The Electric Medical Records system (whom I have christened ‘ELMER”) has been down for two days, making a frightful mess of things at work.  Happily, I can type my notes on my intrepid Mac laptop, and write prescriptions on old pads (the horror). But it means someday I have to cut and paste today’s work into ELMER. Oh the tedium.  The worst is: I can’t access a patient’s old file. I hope there aren’t too many train wrecks today that need some major changes for without their charts I won’t have the information to make a good clinical decision.  I hate ‘micromanaging’ and/or making things up as I go along.  I still have access to Facebook, so all is not entirely lost.

 

As a consequence it is curiously quiet in the clinic.
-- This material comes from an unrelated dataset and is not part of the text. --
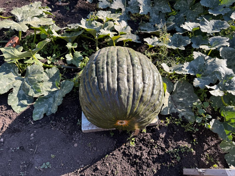 The 214 Young field pumpkin pollinated July 20 ish in the sweet spot. Taking advantage of cooler weather and putting on weight. One week different pollination date and it may grow for three more weeks. Without a frost of course. Which is tonight.
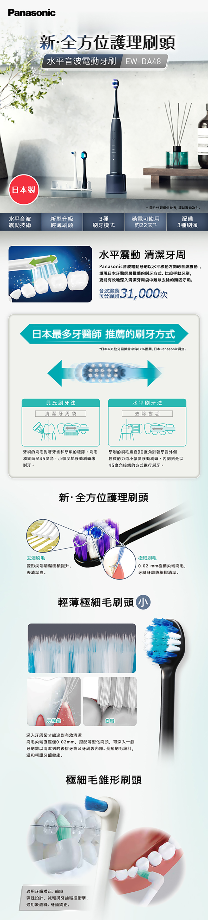 Panasonic 日本製水平音波電動牙刷 EW-DA48-A

We don’t have the wretched ‘soft rock’ internet station, which plays mostly Men at Work, Michael Jackson, and (oh the pain!) The BeeGees.   I don’t hear the printer printing nor the receptionist recepting.

 

I find it a delicious paradox: whenever my ‘time saving devices’ break down I seem to have lots of time on my hands.  Have you ever gone to a place without iphones, cellphones, and the internet? There the days are full of leisurely hours to do such things as read, talk to people, do a puzzle, or (hot puppies!) take a nap without guilt.

 

Meanwhile, patients are coming and going and it all seems a little less tense and stressful. Without the PC screen I make more eye contact with my them.